A life story is a “personal myth” about who we are deep down – where we come from, how we got this way, and what it all means. Our life stories are who we are. They are our identity. A life story is not, however, an objective account. A life story is a carefully shaped narrative that is replete with strategic forgetting and skillfully spun meanings. (The Storytelling Animal by Jonathan Gottschall)

The mythologist Joseph Campbell speaks of how we need two basic myths for our lives:

There is the mythology that relates you to your nature and to the natural world, of which you are a part. And there is the mythology that is strictly sociological, linking you to a particular story. You are not simply a natural man, your are a member of a particular group. (The Power of Myth by Joseph Campbell)

These personal and social myths help us to know that we are alive, wrapping around the two questions we are exploring: Who am I? and What is my contribution?

Our aim is not to have a list of values, attributes, and enriching and enervating environments, though these are helpful.

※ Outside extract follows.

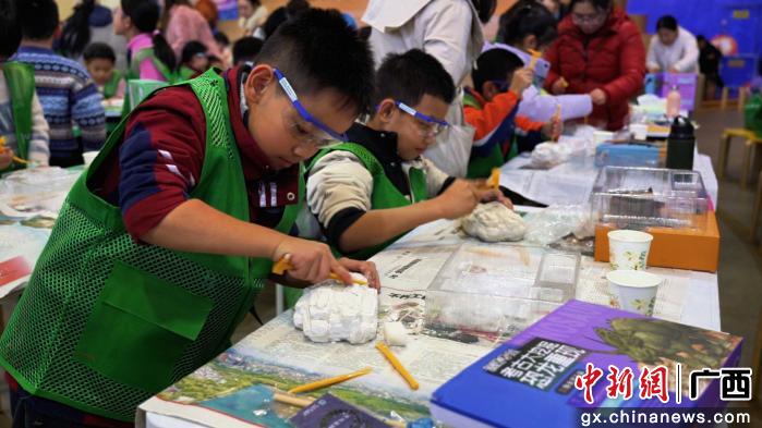 恐龙科普相关活动点燃了大小朋友的探索热情。“龙吟游园会”设置有“展厅探秘”“拼图挑战”等四大挑战,参与者在闯关过程中,全面感受到广西恐龙的独特魅力;“我和恐龙比个‘高’”分享活动中,参与者纷纷与恐龙骨架展品合影分享,记录博物馆之旅的同时传递惊喜;“恐龙探索·我是小小古生物学家”活动中,孩子们化身古生物学家,亲手挖掘、清理、辨认恐龙化石模型,沉浸式体验考古发掘的乐趣。
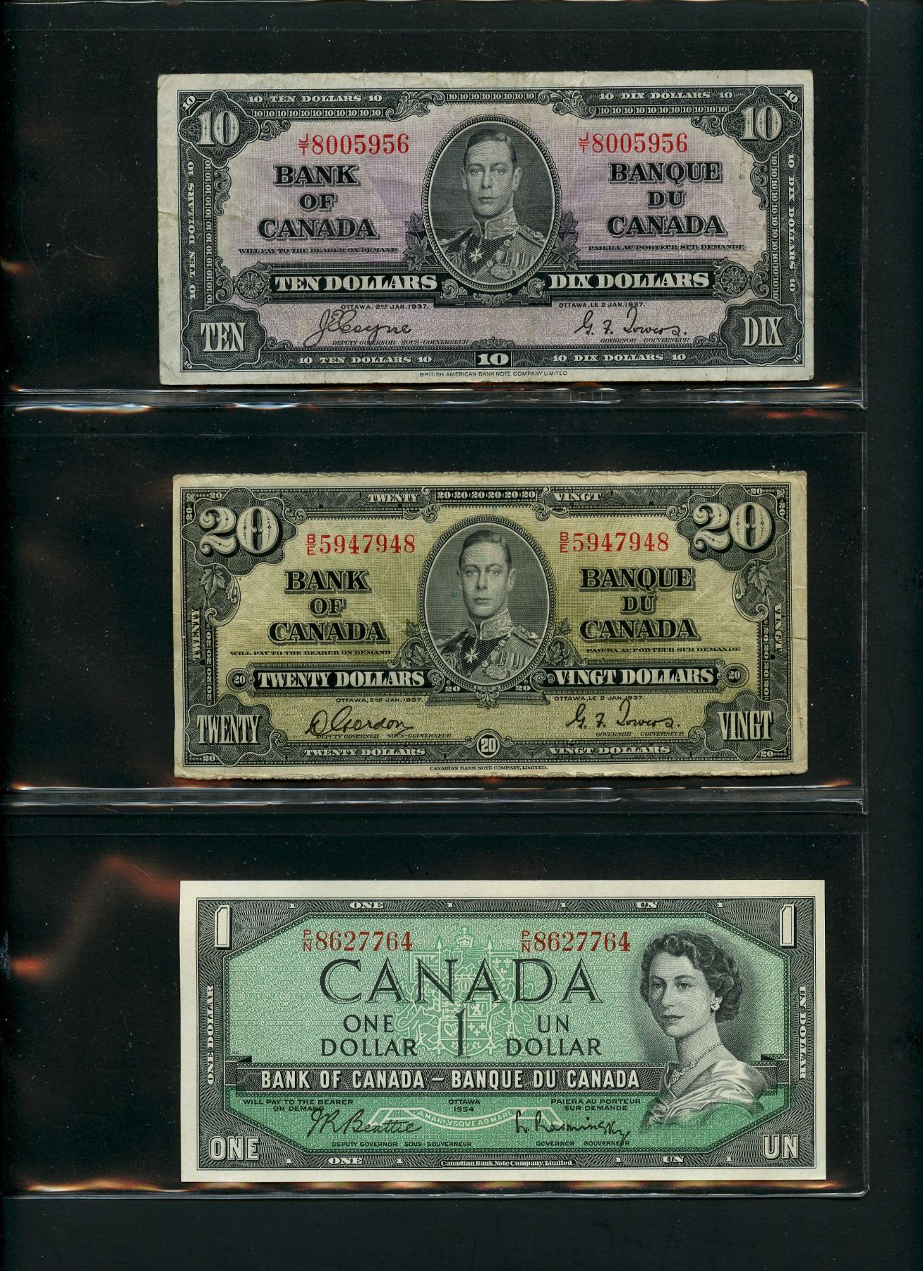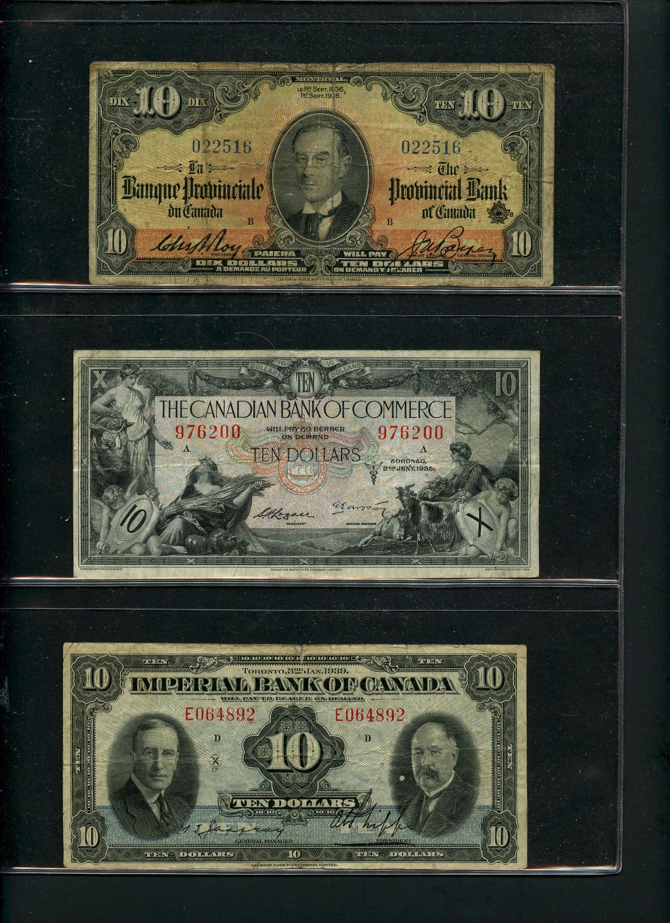 World Banknote Lot; Lot of approx 21 notes from Canada. Includes Dominion Shinplasters, Chartered notes and Bank of Canada 1935+ issues. See images.

The aim is to bring all of our discoveries into a story we want to wake up to and live within each day in an unfolding way. We’re not creating these stories from scratch. They are already a part of us.

We’ve been telling ourselves stories throughout our lives; all we’re doing is editing them, and that in itself is a great adventure.

I’m suggesting you write your story, as you’ve been experiencing it through the practices of this post, using Pixar’s six step template. Here are Mark Levy’s six secrets to free-writing to help with this (Accidental Genius).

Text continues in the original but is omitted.